When patients had minimal residual disease after induction, their median PFS on lenalidomide was 17 months longer if they received maintenance lenalidomide (30 vs. 13 months; P less than .0001). Not surprisingly, the best overall outcomes occurred in MRD-negative patients who received lenalidomide maintenance (median PFS, 44 months, vs. 31 months without lenalidomide; P less than .0001), he said.

Responses also were more likely to deepen over time if patients received lenalidomide maintenance (HR, 1.74; 95% CI, 1.2-2.6; P = .004). “This continued down to about 24 months, which is compatible with conventional response rates,” Dr. Morgan noted.

Safety results reflected prior studies and were unremarkable, he added. “I treat a lot of people with lenalidomide for long periods of time, and the worst thing I usually see is some fatigue.” About one-third of patients developed grade 3-4 neutropenia on lenalidomide maintenance, but less than 5% developed grade 3-4 thrombocytopenia, anemia, deep vein thromboses, or neuropathies. Rates of primary and second malignancies were no worse with maintenance than without it. “All investigators are now in agreement on this finding,” Dr. Morgan emphasized.

The researchers also performed a whole exosome study of 70 paired specimens collected when patients were randomized and again when they relapsed. They found no evidence that lenalidomide induced excess mutations and no significant difference between groups in mutational patterns or genomic copy number variants that alter risk status.
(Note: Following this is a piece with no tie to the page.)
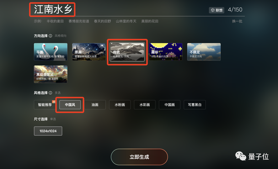 相比之下,文心·一格的操作只需三个步骤:输入文字,鼠标选择风格&尺寸,点击生成。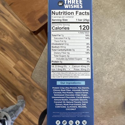 These chocolate chip granola bars by three wishes are just ok. I think this flavor is the best they offer but it’s still not that great. It’s pretty dry. I made the mistake of eating this in my car and the chocolate chips fell off and shattered into a powder when I tried to pick them up. Also you might not expect coconut in a chocolate chip granola but it’s overwhelmingly coconut flavored. I received an incentive to write this review.

Dr. Morgan and his associates will present overall survival data when the number of events reaches 458, he said. For now, the PFS data reinforce lenalidomide as the standard of care for patients of all ages with newly diagnosed multiple myeloma, he concluded.

The Myeloma XI trial is funded by Cancer Research UK, the Experimental Cancer Medicine Centre, NIHR Clinical Research Network: Cancer, and the University of Leeds. Dr. Morgan disclosed consulting and other relationships with Celgene, the maker of lenalidomide.